= Friedrich Wilhelm Schultz =

German pharmacist and botanist

Friedrich Wilhelm Schultz (3 January 1804 – 30 December 1876) was a German pharmacist and botanist. A native of Zweibrücken, he published various texts on plants.

==Education==
He initially learned the pharmacy profession at his father's store in Zweibrücken. In 1827 be began studies in Munich, later performing post-doctoral work in Tübingen.

==Career==
In 1832 he became owner of a pharmacy in Bitsch, where he started 1836 his famous exsiccata series Flora Galliae et Germaniae exsiccata, herbier des plantes rares et critiques de la France et de l' Allemagne, recueillies par la Société de la Flore de France et d' Allemagne, publié par le docteur F. G. Schultz. In 1840 he founded the scientific society POLLICHIA, a group specializing in nature studies of the Rheinland-Pfalz region, with his brother, Carl Heinrich Schultz (1805-1867), et al.
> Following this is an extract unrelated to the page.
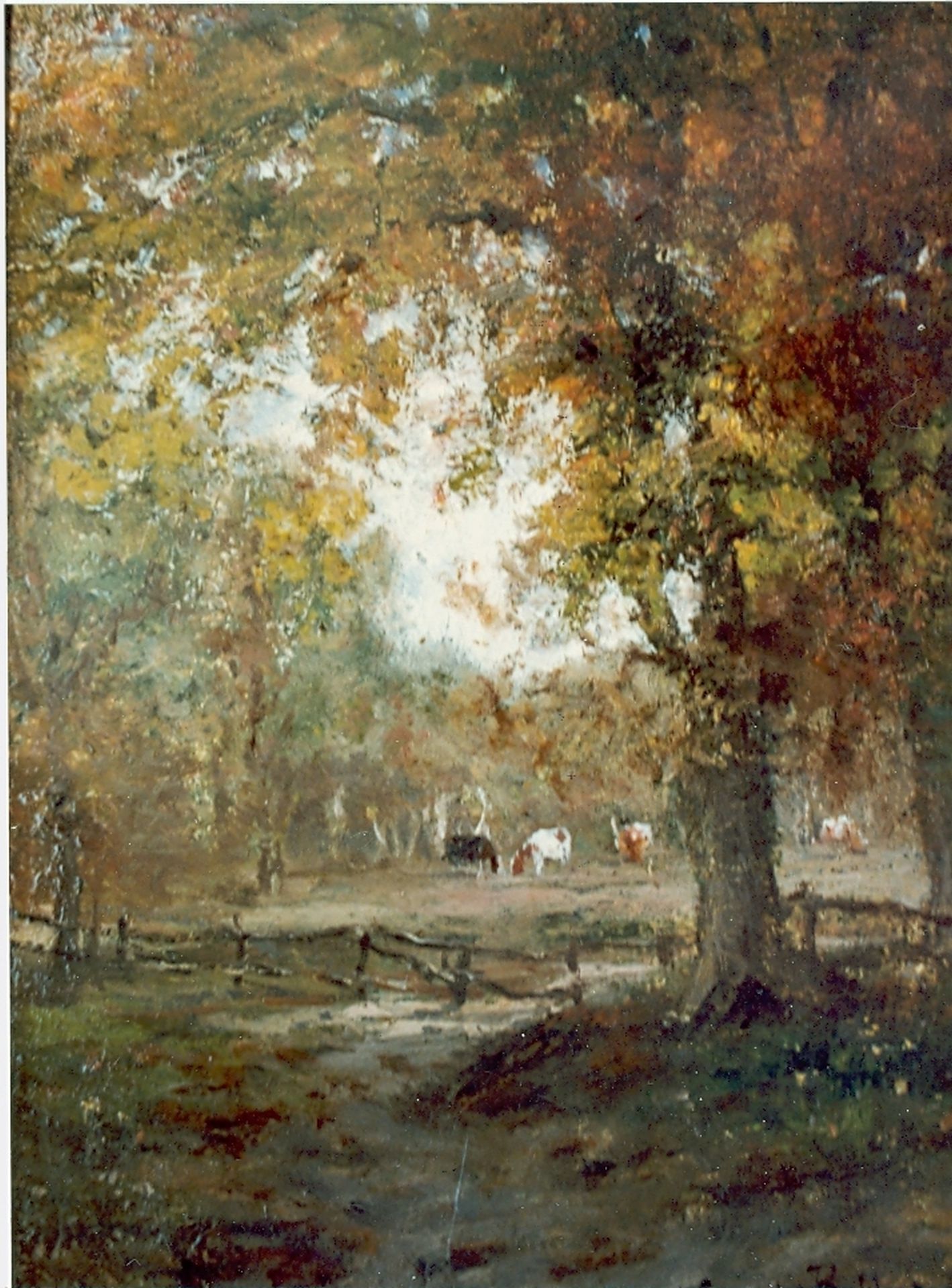 Julius Jacobus van de Sande Bakhuyzen kunstwerk • schilderij • voorheen te koop Grazende koeien op een open plek in het bos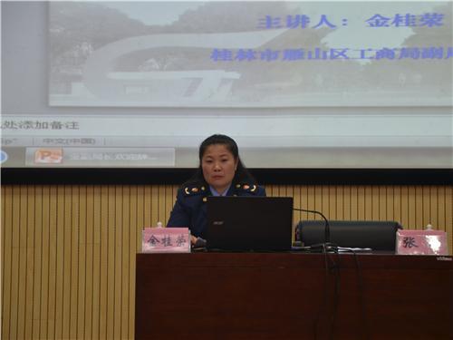桂林市雁山区工商局副局长金桂受邀到我校作了《大学生消费维权与就业创业法律知识》的专题讲座,她从大学生创业的相关政策、办企业所需要掌握的法律知识以及大学生消费维权等三个方面进行了详细的介绍,增强了同学们的消费维权法律意识,也为同学们就业创业提供了有效的法律指导。

In 1853 he relocated to Weissenburg. There he started the exsiccata Herbarium normale. Herbier des plantes nouvelles peu connues et rares d' Europe principalement de France et d' Allemagne publié par F. Schultz.

Schultz was a specialist regarding the botanical family Orobanchaceae. One of his better known publications was a book on Palatinate flora called Flora der Pfalz. With Paul Constant Billot (1796-1863), he was co-author of Archives de la flore de France et d’Allemagne.